2. Learn the basics of the crypto
It is also important to learn the basics of virtual currency.
Before investing money in any cryptocurrency, make sure you know the basics of the structure of Bitcoin, block generation, proof of work (PoW), and why blockchain is tamper resistant.
There are many types of virtual currencies that can be invested in, but not knowing the basics can lead to confusion when choosing what to invest in.
For example, even if there is something claiming to be "a new coin that has the same features as Bitcoin, but features higher remittance power", it may come at the cost of security being sacrificed.
Once you have a grasp on the basics, it increases your possibility of catching these issues.
3. Start with small amounts
Virtual currency can be divided into very small amounts.
Even if 1 BTC is at around 8 000 EUR, bitFlyer lets you buy in decimal units. You can hold Bitcoin even in units as small as 1 EUR. This means that you can gradually learn to become familiar with cryptocurrencies with small amounts if you are a new investor.
4. Don't be misled by suspicious influencers
There are a lot of investors that use social media like Twitter to spread information on virtual currency.
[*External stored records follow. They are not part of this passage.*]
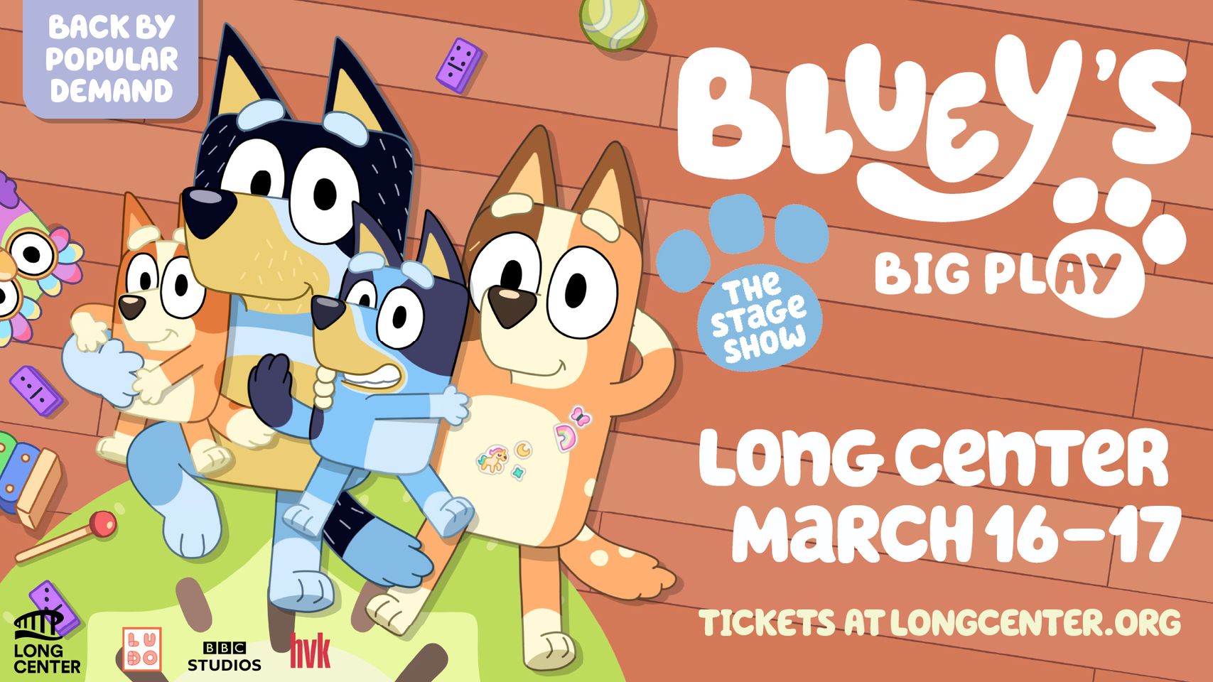 Bluey´s Big Play is a brand-new theatrical adaptation of the Emmy® award-winning children´s television series, with an original story by Bluey creator Joe Brumm, and new music by Bluey composer, Joff Bush.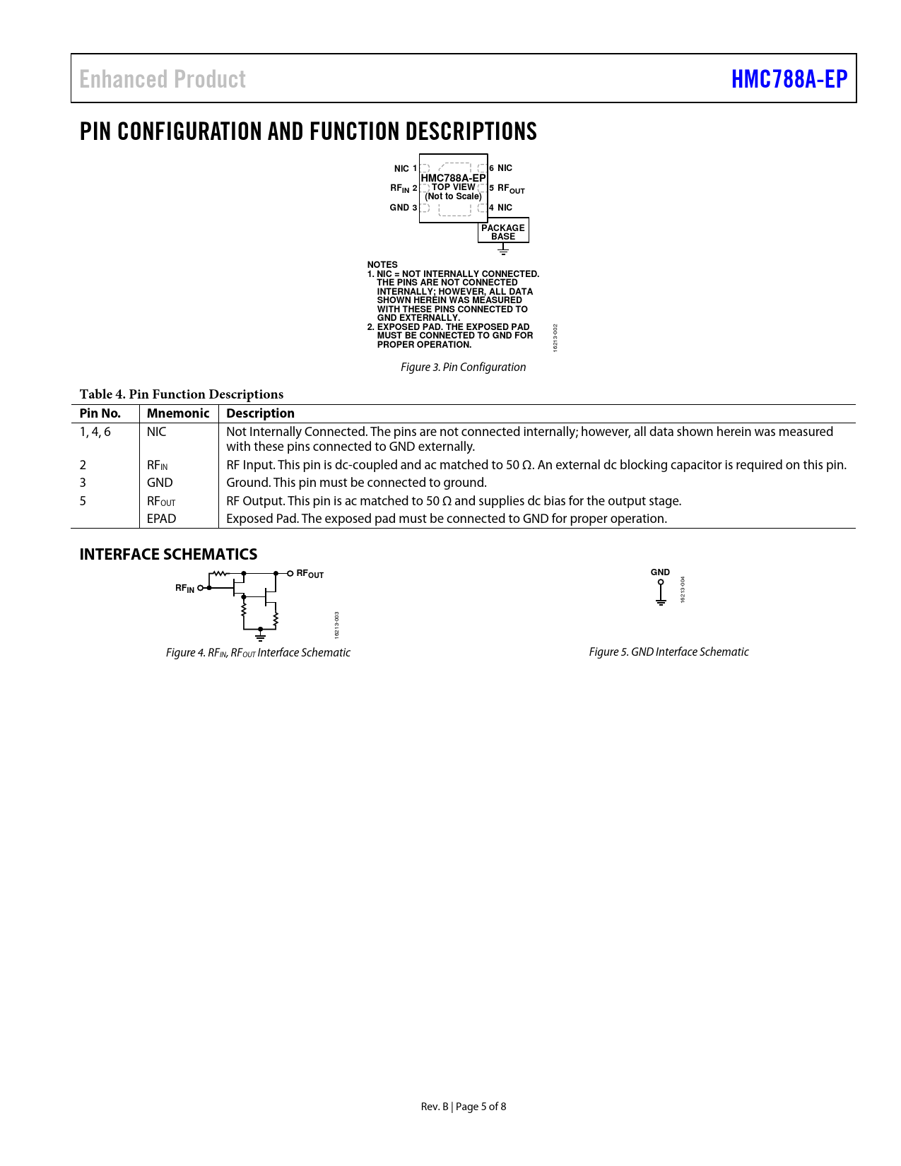 Enhanced Product HMC788A-EP PIN CONFIGURATION AND FUNCTION DESCRIPTIONS NIC 1 6 NIC TOP VIEW RFOUT (Not to Scale) GND 3 4 NIC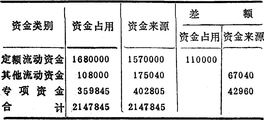 上表说明,定额流动资金占用其他资金来源110000元,其中占用非定额流动资金67040元,占用专项资金42960元。 支付能力与支付需要是相对的。企业的支付能力还应从现有支付能力和近期获得的支付能力两方面看。现有支付能力虽大,而近期支付能力不足,加在一起满足不了近期的支付需要,不能认为有足够的支付能力;反之,现有支付能力虽不足,但近期支付能力较强,加在一起,可以满足近期的支付需要,应认为有足够的支付能力。现有的支付能力主要指现有的结算户存款。近期支付能力则要从定额流动资产和其他流动资产中可以“变现”的项目分析计算。近期支付需要包括:应付购货款、其他应付款中的应付工资和应交工会经费,应交未交的利润、税金、折旧基金等项。支付能力与支付需要的比较,可根据“资金平衡表”有关项目及明细帐资料,列表如下: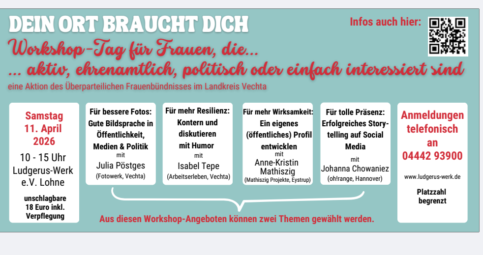 Unter dem Motto „Dein Ort braucht dich“ lädt das Überparteiliche Frauenbündnis im Landkreis Vechta am Samstag (11. April) von 10 bis 15 Uhr ins Ludgerus-Werk e.V. Lohne ein. Der Workshop-Tag bietet praxisnahe Impulse für mehr Präsenz, Wirksamkeit und Sicherheit im öffentlichen Auftreten. Referentinnen aus den Bereichen Kommunikation, Fotografie, Persönlichkeitsentwicklung und Social Media vermitteln konkrete Strategien und erprobte Werkzeuge. Die Teilnahmegebühr beträgt 18 Euro inklusive Verpflegung, die Platzzahl ist begrenzt.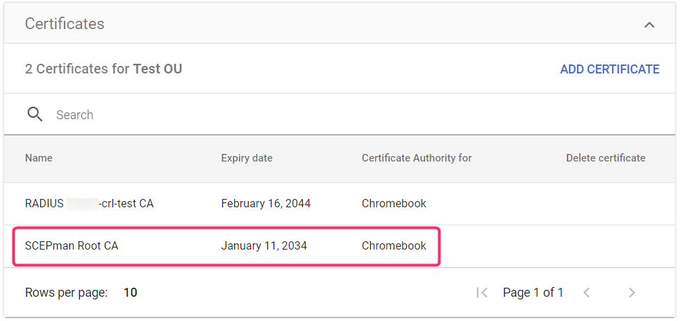 2. Now upload your SCEPmen root CA to your Google Workplace. In your Google **Admin console** (admin.google.com) navigate to **Menu** > **Devices** > **Networks** > **Certificates** > **ADD CERTIFICATE**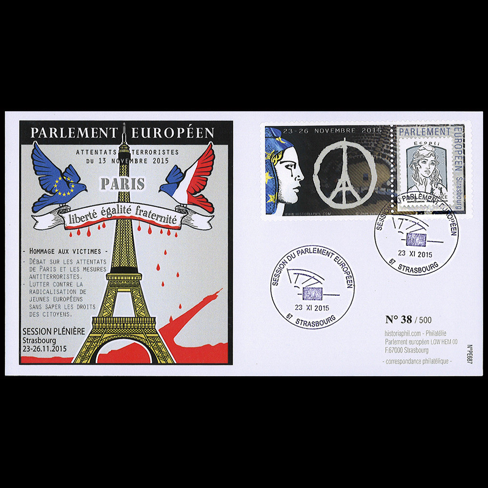 N°PE687 : FDC Session of the European Parliament to Strasbourg (France) November 23-26, 2015 "November 23-26, 2015 : Tribute for the victims of the Terrorist Attacks against Paris (France) - Debate on Paris attacks and anti-terror measures / MARIANNE" 2015 :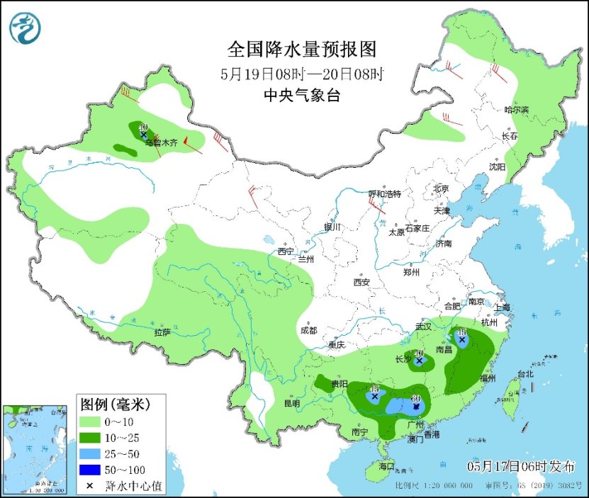 氣象專家提醒,未來一週,南方地區多降水,公眾需警惕持續降雨或局地強降雨可能引發的次生災害。19日至22日,華北、黃淮及陝西關中等地有一輪高温天氣過程,公眾需做好防暑降温措施,河北、河南、山西、陝西等冬麥區請注意開展“一噴三防”,或採用微噴灌設備適時適量噴水、降温增濕,降低乾熱風對小麥灌漿影響。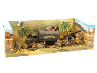 réalisation en plastique - dimensions du coffret : 55,5x22x16 cm - contient : BERLIET GAZELLE bâché (21 cm), un canon & 12 soldats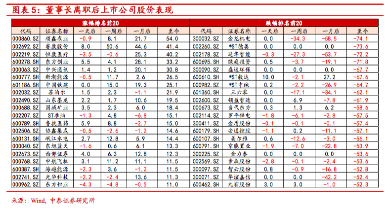 上市公司高管离职,投资者最关心的问题之一是对股价的影响。中泰证券统计了今年以来董事长离职后上市公司的股价表现,50%的上市公司股价在董事长离职后第一日出现下跌,一周后,一月后,至今下跌的占比不断上升。因此,从今年的统计样本来看,董事长的更换对股价提振作用十分有限,更多时候是二者呈现负相关关系。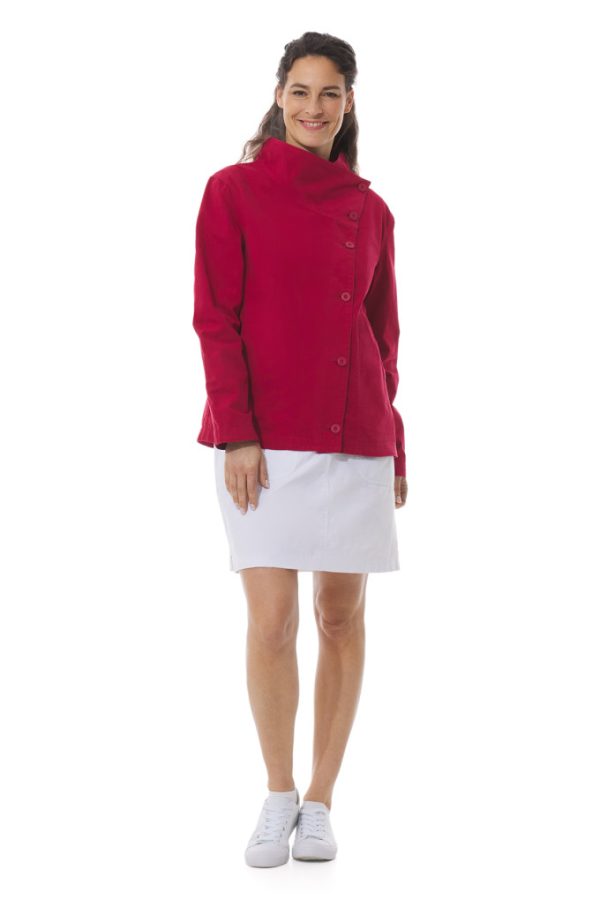 Yaneg, c’est la veste légère qui vous accompagne vers les beaux jours ! Un grand col montant asymétrique, une belle coupe féminine évasée et un boutonnage décalé, cette nouveauté va vous plaire. Col à porter bien remonté pour montrer sa coupe en biais ou bien ouvert et il se posera joliment sur les épaules.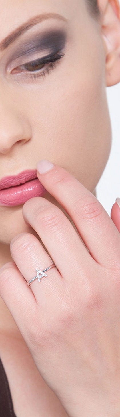White gold 18k ring with letter A in diamonds, H color, Vs Clarity, brilliant cut, 0,09 ct. The letters are 8 mm high.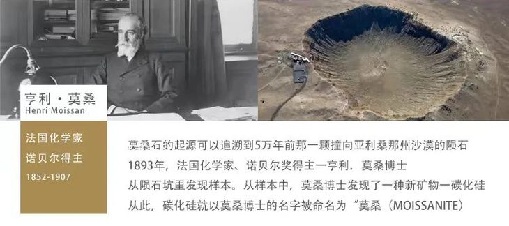 直到1904年,法国著名化学家Henri Moissan才在美国亚利桑那陨石坑中发现了一种异常耀眼的晶体状矿物粒子,它由一种新矿物——碳化硅结合而成,与钻石极其相似,肉眼很难分辨!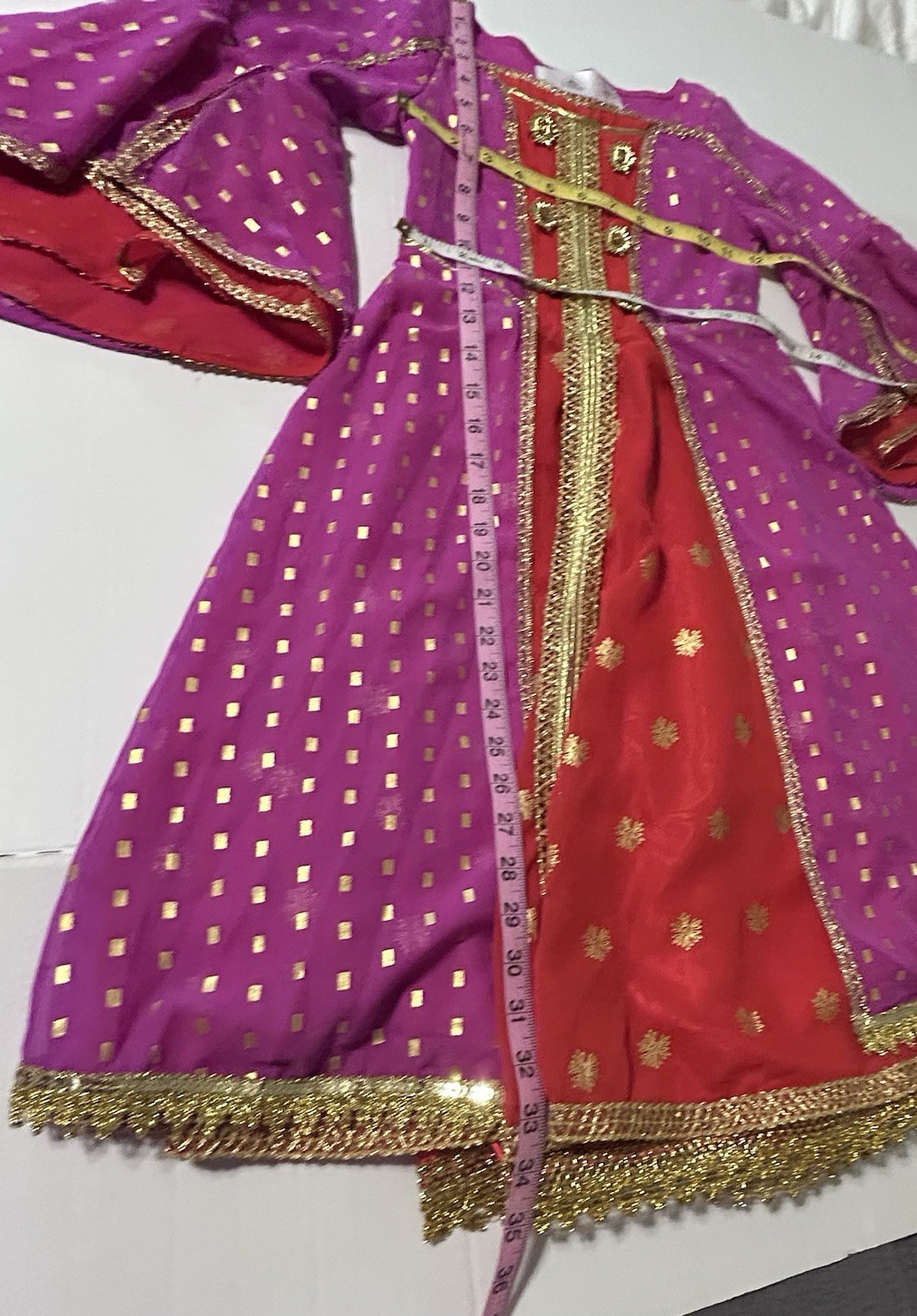 Disney Size 5/6 Jasmine Deluxe Costume Gown, Gold Lace Trim And Chiffon Overlay

There can be useful information, but you must be careful.
This is because there are a lot of suspicious accounts saying “this coin is going up”, “join this chat room for investment information”, “guaranteed profit”, and other suspicious claims. These often tend to be sellers trying to force a market price and sell out.
If it sounds too good to be true, it probably is.
5. Create a portfolio
Our fifth point is to create a portfolio.
Bitcoin has the largest market capitalization among cryptocurrencies, but has high volatility. Other smaller-scale virtual currencies have an even higher volatility than that. Some have a 90% loss in six months. If you had invested 10 000 EUR in only that one, you would lose 9 000 EUR in just six months.
This can be mitigated by having a portfolio and having an investment strategy.
Also, one thing that can be helpful in terms of building a portfolio is the dominance of major players in the overall cryptocurrency market. As of May 2020, Bitcoin and Ethereum combined hold over 70% of the market capitalization of the entire virtual currency market.
In other words, a flat investment in the cryptocurrency market would be a portfolio that allocates about 70% to Bitcoin and Ethereum. On top of that, if you feel that there is a particular potential for a specific virtual currency, you may consider cutting into that Bitcoin and Ethereum investment a little and increasing the ratio of the other one.
There are many ways to build a portfolio, but it is very important to build a portfolio.
What do you think?
There are many things to be aware of when investing in cryptocurrencies, but there is still a lot of potential. If you have not invested in crypto yet and are interested in getting into it, please ensure that you have a sufficient amount of risk management.